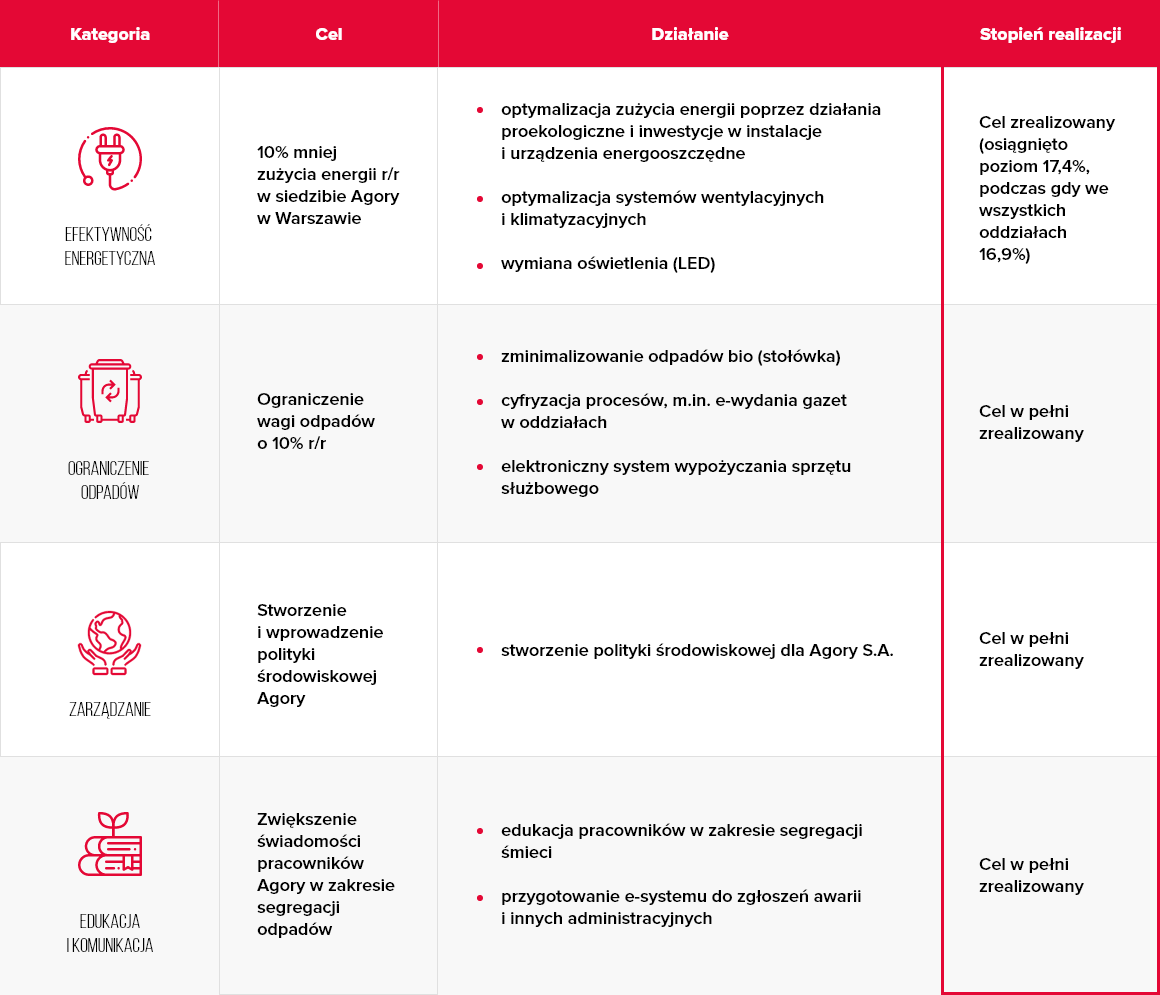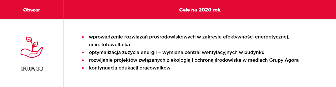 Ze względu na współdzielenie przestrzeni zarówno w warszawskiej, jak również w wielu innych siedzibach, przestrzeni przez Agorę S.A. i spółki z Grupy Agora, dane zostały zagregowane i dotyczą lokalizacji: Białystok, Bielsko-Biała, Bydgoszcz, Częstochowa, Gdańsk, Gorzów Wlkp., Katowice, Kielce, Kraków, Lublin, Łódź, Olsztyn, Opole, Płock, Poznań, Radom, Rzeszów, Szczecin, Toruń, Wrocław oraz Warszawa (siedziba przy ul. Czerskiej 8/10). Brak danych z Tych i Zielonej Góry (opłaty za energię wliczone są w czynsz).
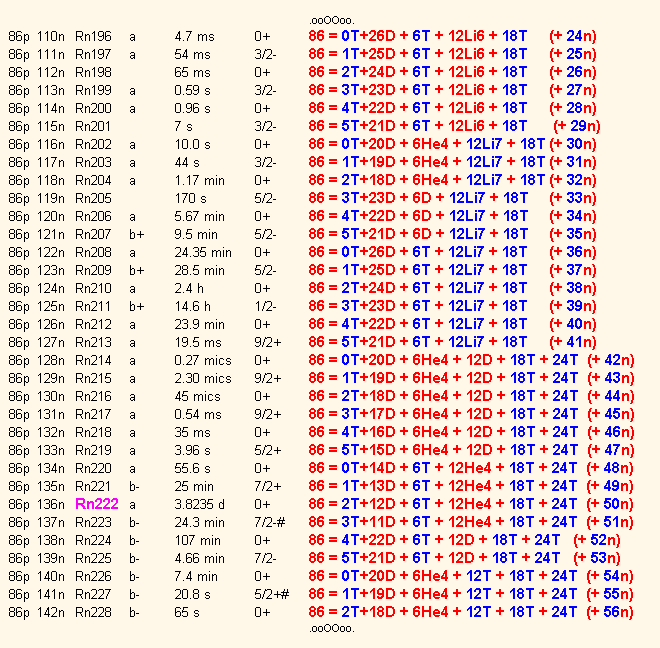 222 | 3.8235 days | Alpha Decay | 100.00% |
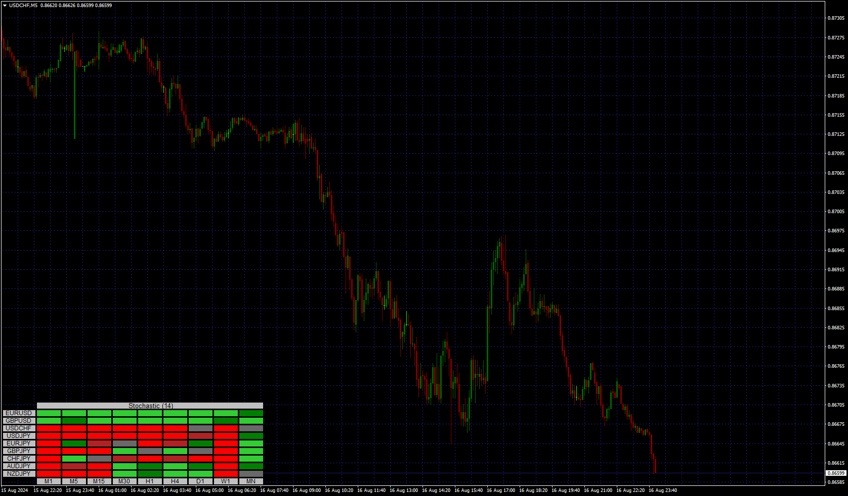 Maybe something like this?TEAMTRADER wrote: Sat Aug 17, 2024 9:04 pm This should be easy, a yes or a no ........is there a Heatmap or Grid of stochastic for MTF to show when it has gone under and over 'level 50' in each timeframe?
--
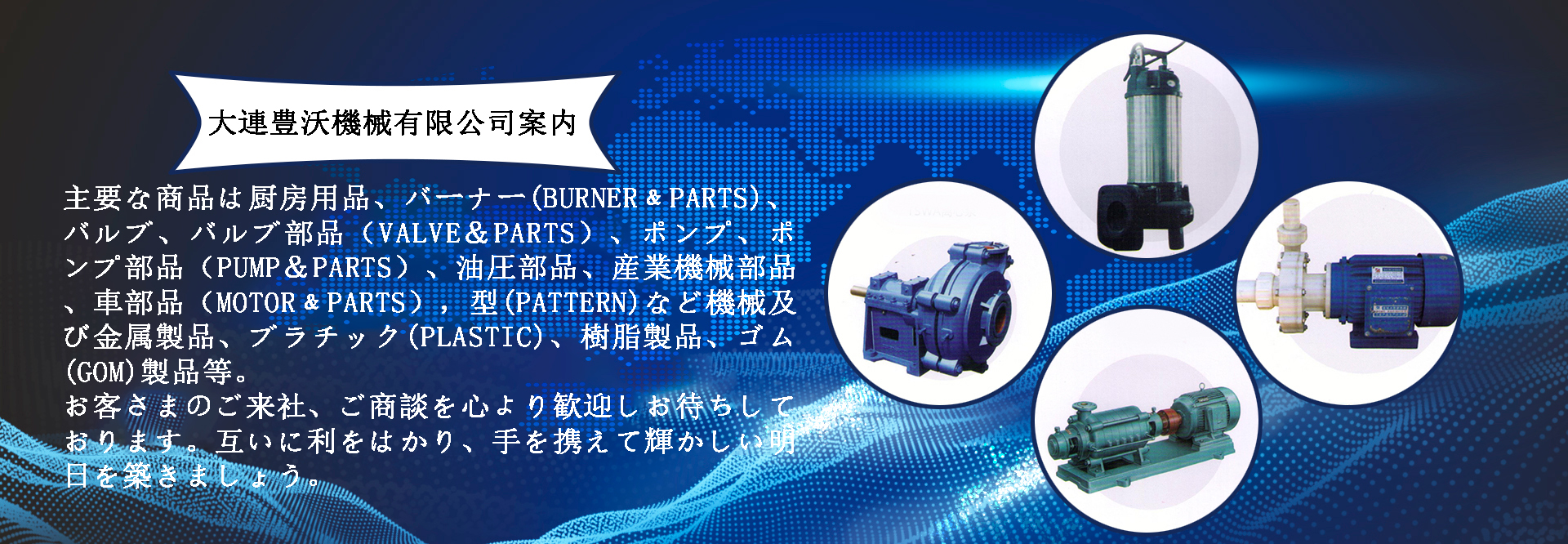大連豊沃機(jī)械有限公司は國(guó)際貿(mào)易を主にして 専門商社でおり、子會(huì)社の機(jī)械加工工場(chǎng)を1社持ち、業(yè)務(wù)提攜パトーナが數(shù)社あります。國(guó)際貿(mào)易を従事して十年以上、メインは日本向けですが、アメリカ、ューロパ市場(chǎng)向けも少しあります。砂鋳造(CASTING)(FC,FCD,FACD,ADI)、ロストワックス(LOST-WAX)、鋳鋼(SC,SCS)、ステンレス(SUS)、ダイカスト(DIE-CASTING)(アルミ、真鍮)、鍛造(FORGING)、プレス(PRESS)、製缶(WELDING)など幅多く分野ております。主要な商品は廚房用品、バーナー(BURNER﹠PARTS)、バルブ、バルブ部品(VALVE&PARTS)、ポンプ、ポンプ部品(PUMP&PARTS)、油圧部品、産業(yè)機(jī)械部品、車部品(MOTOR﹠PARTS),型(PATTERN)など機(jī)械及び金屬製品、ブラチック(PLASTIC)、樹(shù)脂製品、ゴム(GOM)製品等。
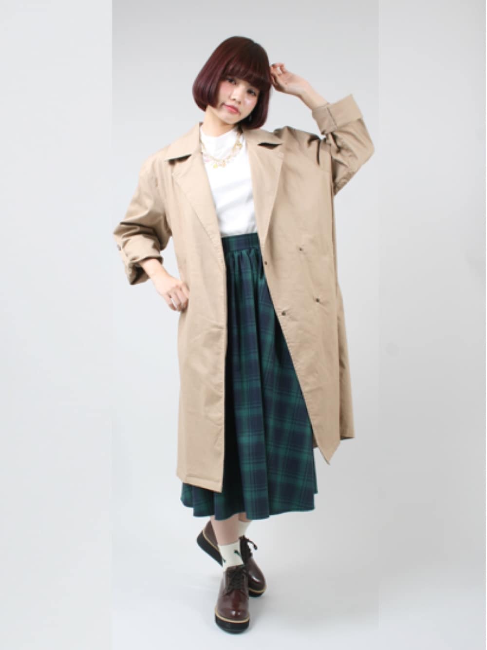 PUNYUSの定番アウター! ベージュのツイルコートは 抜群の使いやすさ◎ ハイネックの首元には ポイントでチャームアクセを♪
--
## Task instructions
Among the entries above, take the line with "Ze względu na", the line with "222 | 3.8235 days | Alpha Decay | 100.00% |", and all the lines between them, and restate them word for word without pictures.

## Solution to the problem
 Ze względu na współdzielenie przestrzeni zarówno w warszawskiej, jak również w wielu innych siedzibach, przestrzeni przez Agorę S.A. i spółki z Grupy Agora, dane zostały zagregowane i dotyczą lokalizacji: Białystok, Bielsko-Biała, Bydgoszcz, Częstochowa, Gdańsk, Gorzów Wlkp., Katowice, Kielce, Kraków, Lublin, Łódź, Olsztyn, Opole, Płock, Poznań, Radom, Rzeszów, Szczecin, Toruń, Wrocław oraz Warszawa (siedziba przy ul. Czerskiej 8/10). Brak danych z Tych i Zielonej Góry (opłaty za energię wliczone są w czynsz).
 222 | 3.8235 days | Alpha Decay | 100.00% |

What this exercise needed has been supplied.